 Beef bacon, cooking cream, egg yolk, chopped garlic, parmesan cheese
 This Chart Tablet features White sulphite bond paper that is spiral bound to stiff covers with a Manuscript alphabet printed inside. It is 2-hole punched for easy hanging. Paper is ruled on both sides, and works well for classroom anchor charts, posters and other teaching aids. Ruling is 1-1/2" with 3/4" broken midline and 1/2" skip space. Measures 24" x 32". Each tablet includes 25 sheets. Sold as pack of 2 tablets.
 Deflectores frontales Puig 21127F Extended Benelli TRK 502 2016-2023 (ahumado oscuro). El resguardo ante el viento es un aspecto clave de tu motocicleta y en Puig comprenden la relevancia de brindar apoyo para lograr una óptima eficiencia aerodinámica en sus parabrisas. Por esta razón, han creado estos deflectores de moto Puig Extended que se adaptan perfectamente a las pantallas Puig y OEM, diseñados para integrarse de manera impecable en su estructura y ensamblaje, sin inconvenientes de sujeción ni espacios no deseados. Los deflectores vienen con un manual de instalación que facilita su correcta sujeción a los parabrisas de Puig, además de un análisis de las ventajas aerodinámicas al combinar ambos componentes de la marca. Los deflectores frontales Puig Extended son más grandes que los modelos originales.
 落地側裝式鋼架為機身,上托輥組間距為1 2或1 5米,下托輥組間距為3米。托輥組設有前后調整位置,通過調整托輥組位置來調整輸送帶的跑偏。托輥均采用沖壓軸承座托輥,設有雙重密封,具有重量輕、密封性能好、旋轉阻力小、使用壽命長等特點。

...

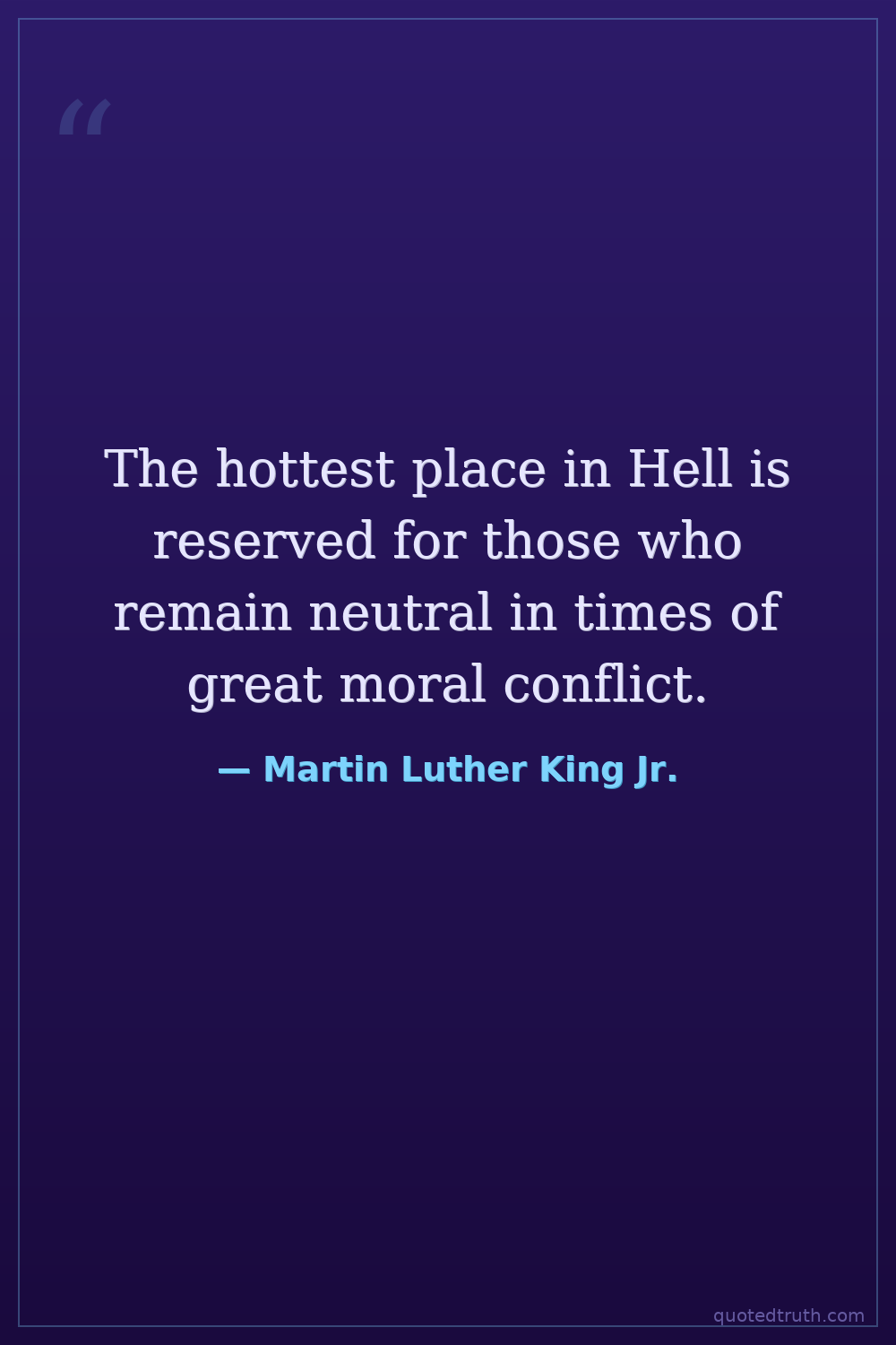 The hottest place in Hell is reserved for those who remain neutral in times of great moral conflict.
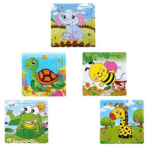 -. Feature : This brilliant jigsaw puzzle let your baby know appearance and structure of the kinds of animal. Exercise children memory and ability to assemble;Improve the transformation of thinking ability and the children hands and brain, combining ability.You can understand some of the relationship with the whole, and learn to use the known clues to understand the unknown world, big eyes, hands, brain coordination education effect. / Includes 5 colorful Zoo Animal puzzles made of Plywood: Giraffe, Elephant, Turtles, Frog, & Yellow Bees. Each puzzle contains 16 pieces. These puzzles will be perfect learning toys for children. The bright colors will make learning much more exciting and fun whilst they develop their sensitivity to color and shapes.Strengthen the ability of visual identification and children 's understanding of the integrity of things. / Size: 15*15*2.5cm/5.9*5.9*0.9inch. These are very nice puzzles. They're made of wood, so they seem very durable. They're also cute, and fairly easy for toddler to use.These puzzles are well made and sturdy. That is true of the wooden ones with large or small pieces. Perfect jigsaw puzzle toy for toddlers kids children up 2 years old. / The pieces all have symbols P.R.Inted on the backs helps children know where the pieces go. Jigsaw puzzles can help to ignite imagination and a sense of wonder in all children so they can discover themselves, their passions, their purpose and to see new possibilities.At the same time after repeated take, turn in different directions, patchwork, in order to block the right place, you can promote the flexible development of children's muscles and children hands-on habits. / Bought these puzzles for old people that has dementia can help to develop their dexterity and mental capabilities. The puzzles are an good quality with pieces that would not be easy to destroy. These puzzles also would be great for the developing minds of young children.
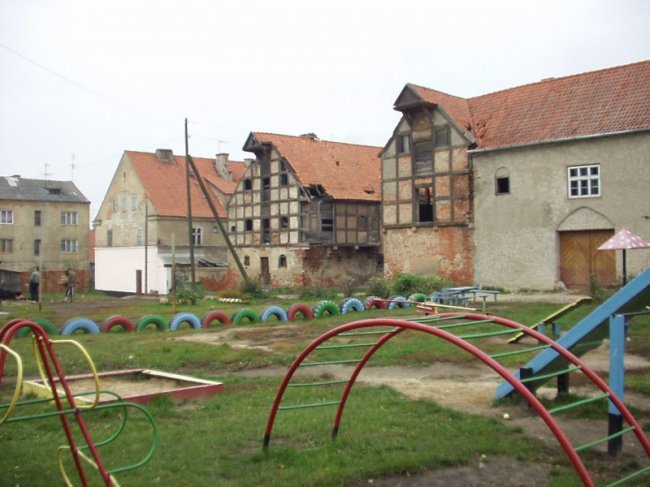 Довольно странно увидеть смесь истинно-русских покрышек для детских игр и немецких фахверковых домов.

* * *

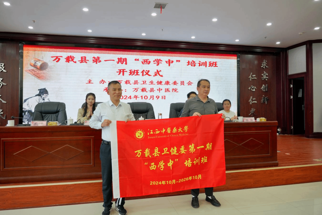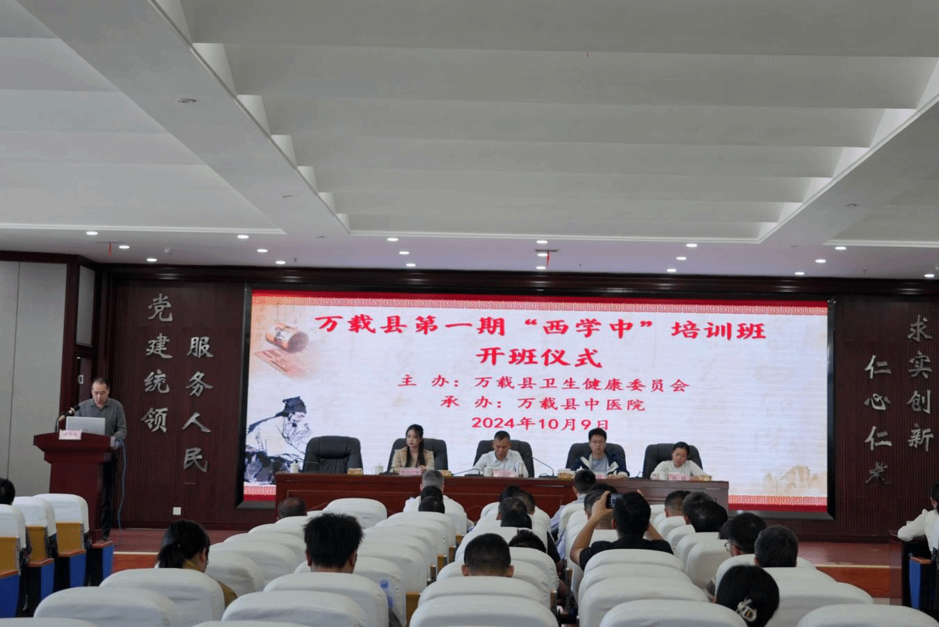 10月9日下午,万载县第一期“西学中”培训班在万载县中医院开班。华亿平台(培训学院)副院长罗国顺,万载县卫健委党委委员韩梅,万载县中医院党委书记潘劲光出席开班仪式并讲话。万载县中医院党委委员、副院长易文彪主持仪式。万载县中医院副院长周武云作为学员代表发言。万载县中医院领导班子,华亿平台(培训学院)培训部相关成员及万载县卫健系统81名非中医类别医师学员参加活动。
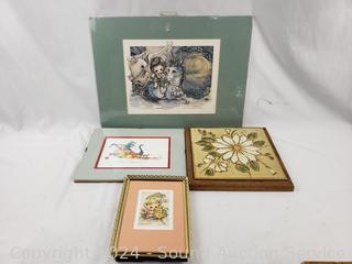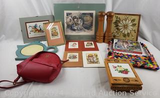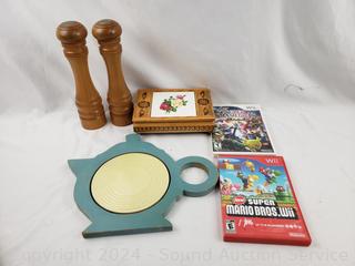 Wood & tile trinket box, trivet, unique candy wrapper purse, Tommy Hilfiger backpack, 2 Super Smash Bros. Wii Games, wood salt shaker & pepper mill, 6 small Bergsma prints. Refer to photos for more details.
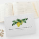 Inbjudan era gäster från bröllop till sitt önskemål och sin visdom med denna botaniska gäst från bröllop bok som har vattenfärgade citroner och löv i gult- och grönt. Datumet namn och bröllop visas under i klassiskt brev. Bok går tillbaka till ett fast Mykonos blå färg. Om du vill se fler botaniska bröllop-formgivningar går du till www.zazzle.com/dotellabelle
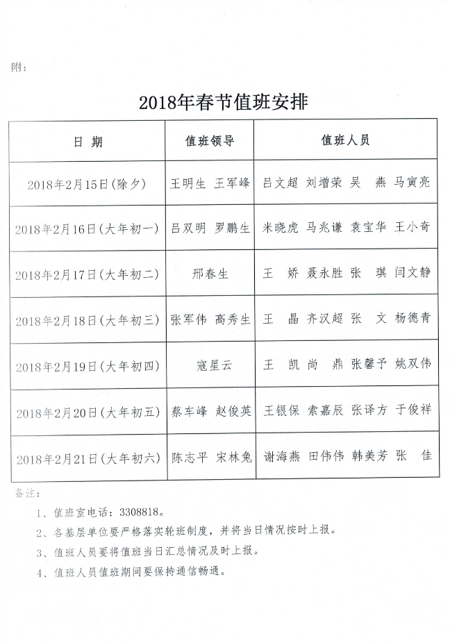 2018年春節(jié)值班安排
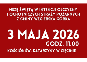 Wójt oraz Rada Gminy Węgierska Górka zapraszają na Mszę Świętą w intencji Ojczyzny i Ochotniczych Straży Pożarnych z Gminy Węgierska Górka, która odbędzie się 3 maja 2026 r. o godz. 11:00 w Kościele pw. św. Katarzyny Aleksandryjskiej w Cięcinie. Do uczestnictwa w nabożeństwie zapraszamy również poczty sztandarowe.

◆ **WHAT YOU NEED TO DO**: Only the lines above from the one with "Inbjudan era gäster" to the one with "2018年春節(jié)值班安排" should be printed, both included and exactly as written; no picture belongs in the copy.

◆ **SOLUTION TO THIS TASK**:
 Inbjudan era gäster från bröllop till sitt önskemål och sin visdom med denna botaniska gäst från bröllop bok som har vattenfärgade citroner och löv i gult- och grönt. Datumet namn och bröllop visas under i klassiskt brev. Bok går tillbaka till ett fast Mykonos blå färg. Om du vill se fler botaniska bröllop-formgivningar går du till www.zazzle.com/dotellabelle
 2018年春節(jié)值班安排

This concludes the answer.